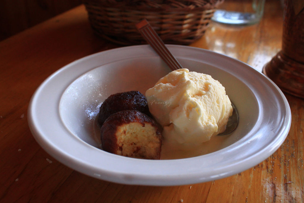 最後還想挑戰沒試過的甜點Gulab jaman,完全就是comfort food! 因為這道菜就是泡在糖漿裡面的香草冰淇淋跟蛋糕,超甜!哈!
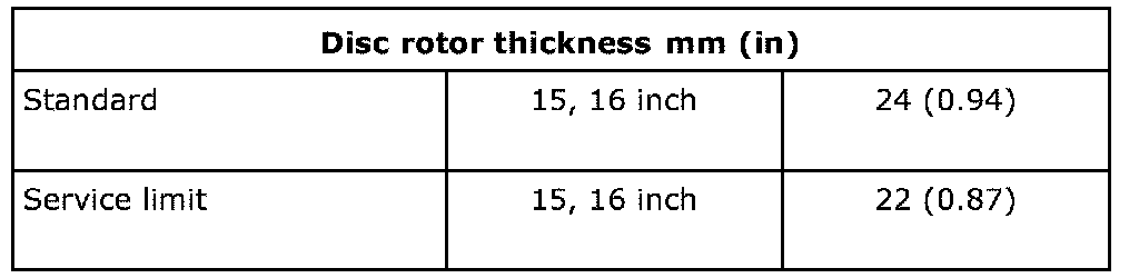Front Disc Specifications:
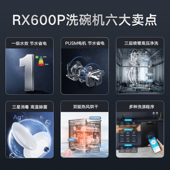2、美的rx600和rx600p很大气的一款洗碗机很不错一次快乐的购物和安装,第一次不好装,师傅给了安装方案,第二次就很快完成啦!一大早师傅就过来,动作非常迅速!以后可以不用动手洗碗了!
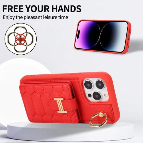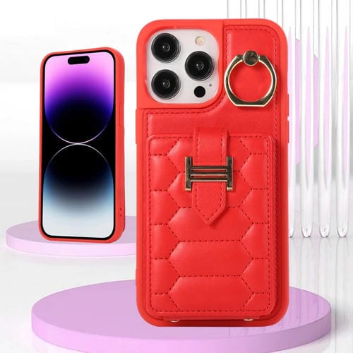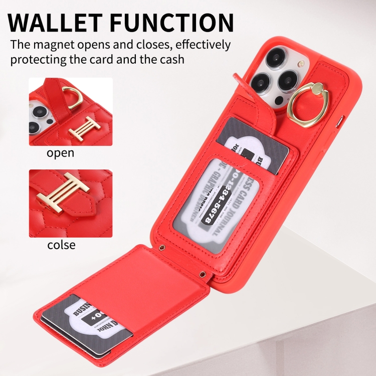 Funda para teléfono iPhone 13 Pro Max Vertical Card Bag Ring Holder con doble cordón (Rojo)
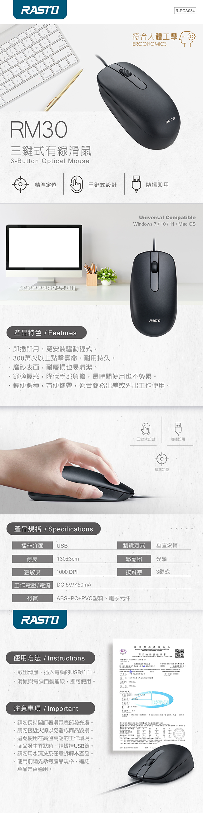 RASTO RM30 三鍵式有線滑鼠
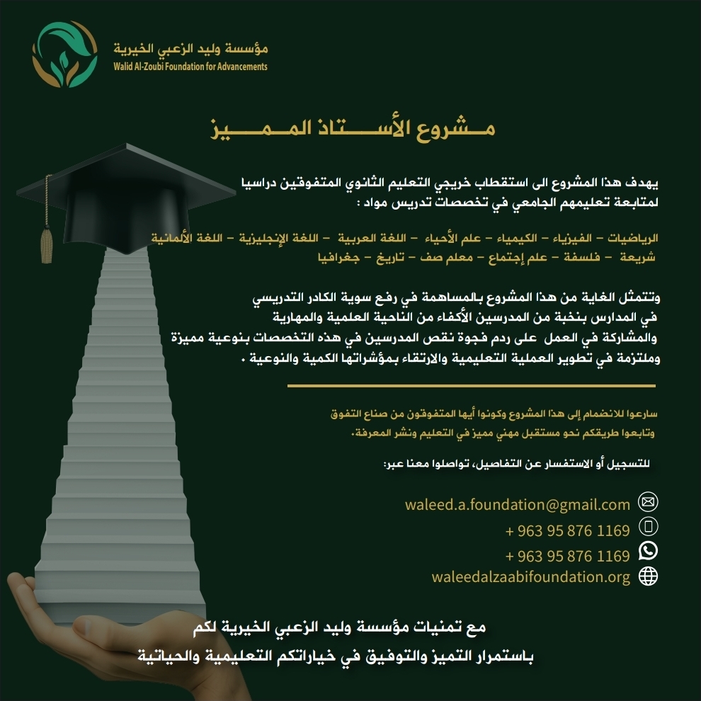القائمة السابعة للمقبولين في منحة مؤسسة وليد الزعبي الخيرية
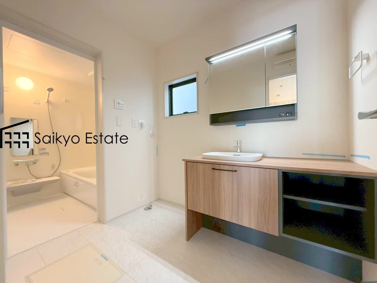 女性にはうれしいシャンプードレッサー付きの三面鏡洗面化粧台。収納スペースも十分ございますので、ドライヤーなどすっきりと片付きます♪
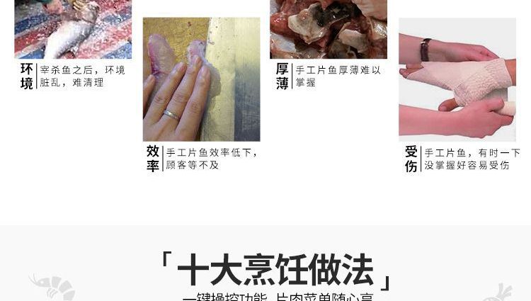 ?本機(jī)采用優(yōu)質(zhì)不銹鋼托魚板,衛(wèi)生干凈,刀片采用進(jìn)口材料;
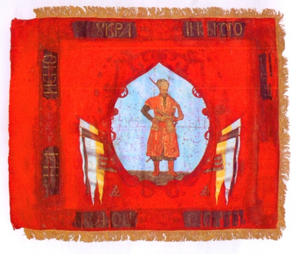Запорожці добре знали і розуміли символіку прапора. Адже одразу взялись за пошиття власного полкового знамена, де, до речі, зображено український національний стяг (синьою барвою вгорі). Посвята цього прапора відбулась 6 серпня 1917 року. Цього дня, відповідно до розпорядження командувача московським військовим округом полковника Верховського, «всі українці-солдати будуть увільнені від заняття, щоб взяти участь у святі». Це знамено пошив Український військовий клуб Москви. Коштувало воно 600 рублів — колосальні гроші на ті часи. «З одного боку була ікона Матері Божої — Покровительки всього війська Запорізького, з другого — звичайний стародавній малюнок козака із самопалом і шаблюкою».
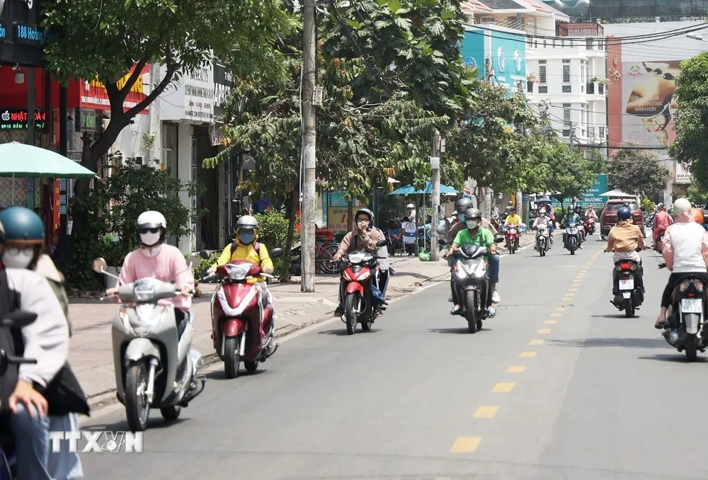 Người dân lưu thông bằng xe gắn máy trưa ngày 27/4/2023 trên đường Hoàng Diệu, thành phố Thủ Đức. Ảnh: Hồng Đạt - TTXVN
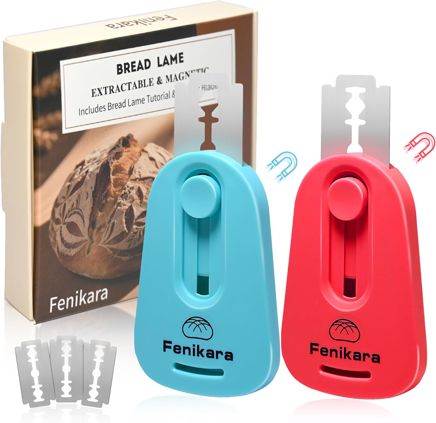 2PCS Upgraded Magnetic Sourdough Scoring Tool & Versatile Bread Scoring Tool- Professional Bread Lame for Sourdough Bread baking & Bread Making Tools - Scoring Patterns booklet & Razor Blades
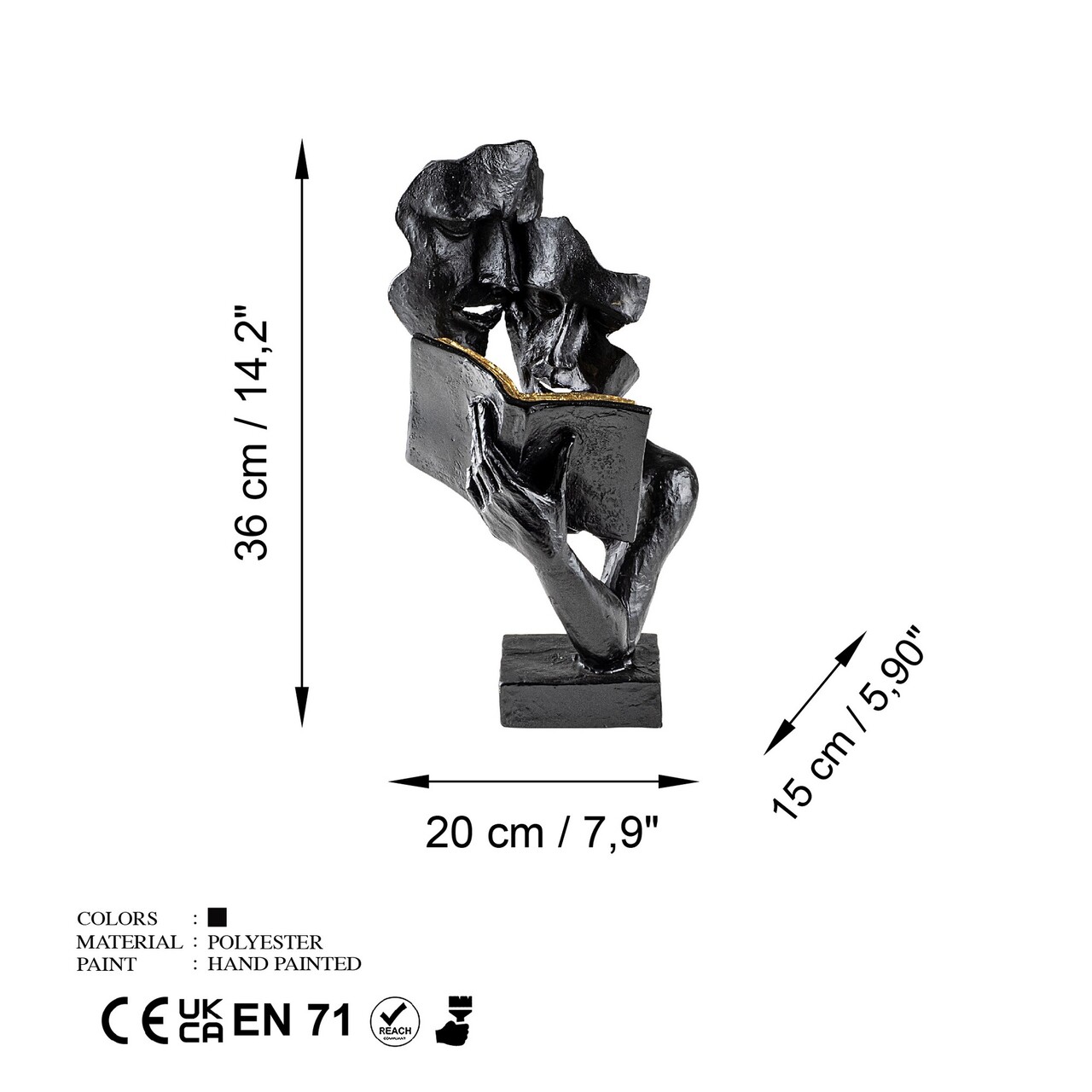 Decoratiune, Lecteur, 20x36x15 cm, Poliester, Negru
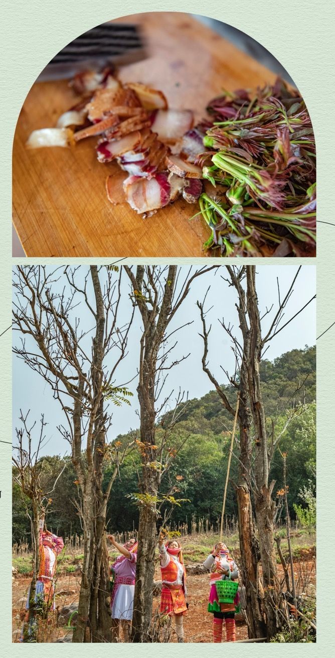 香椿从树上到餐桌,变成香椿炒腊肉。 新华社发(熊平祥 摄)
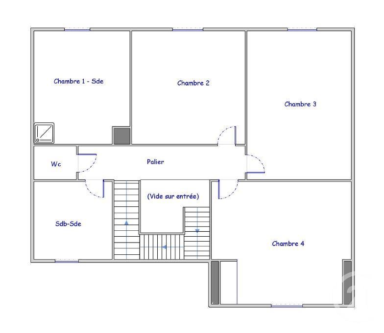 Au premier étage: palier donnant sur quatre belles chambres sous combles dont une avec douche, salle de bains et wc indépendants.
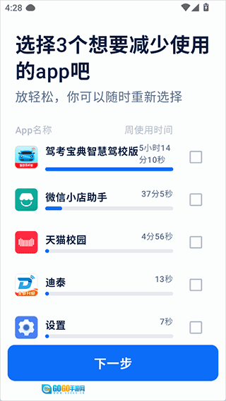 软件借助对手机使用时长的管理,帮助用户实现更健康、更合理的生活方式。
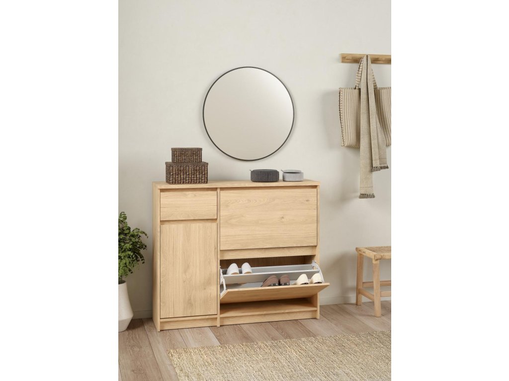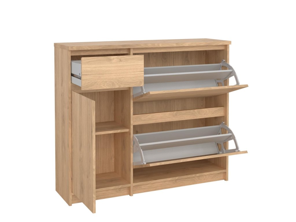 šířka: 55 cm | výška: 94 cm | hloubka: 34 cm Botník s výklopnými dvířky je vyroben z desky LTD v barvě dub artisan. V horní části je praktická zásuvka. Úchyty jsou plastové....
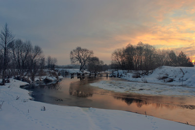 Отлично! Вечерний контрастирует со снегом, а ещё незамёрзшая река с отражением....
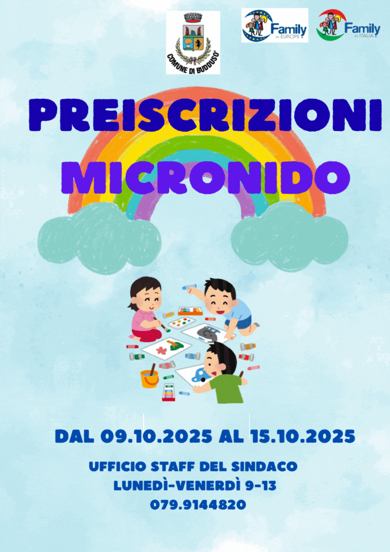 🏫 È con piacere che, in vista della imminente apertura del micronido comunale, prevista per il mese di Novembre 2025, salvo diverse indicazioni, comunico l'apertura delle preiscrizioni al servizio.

——

**TASK DETAILS**
Exactly the lines above, from the one containing "Funda para teléfono" down to the one containing "Người dân lưu", are to be repeated, including both ends. Pictures are not part of the copy.

**RESULT FOR THIS TASK**
 Funda para teléfono iPhone 13 Pro Max Vertical Card Bag Ring Holder con doble cordón (Rojo)
 RASTO RM30 三鍵式有線滑鼠
القائمة السابعة للمقبولين في منحة مؤسسة وليد الزعبي الخيرية
 女性にはうれしいシャンプードレッサー付きの三面鏡洗面化粧台。収納スペースも十分ございますので、ドライヤーなどすっきりと片付きます♪
 ?本機(jī)采用優(yōu)質(zhì)不銹鋼托魚板,衛(wèi)生干凈,刀片采用進(jìn)口材料;
Запорожці добре знали і розуміли символіку прапора. Адже одразу взялись за пошиття власного полкового знамена, де, до речі, зображено український національний стяг (синьою барвою вгорі). Посвята цього прапора відбулась 6 серпня 1917 року. Цього дня, відповідно до розпорядження командувача московським військовим округом полковника Верховського, «всі українці-солдати будуть увільнені від заняття, щоб взяти участь у святі». Це знамено пошив Український військовий клуб Москви. Коштувало воно 600 рублів — колосальні гроші на ті часи. «З одного боку була ікона Матері Божої — Покровительки всього війська Запорізького, з другого — звичайний стародавній малюнок козака із самопалом і шаблюкою».
 Người dân lưu thông bằng xe gắn máy trưa ngày 27/4/2023 trên đường Hoàng Diệu, thành phố Thủ Đức. Ảnh: Hồng Đạt - TTXVN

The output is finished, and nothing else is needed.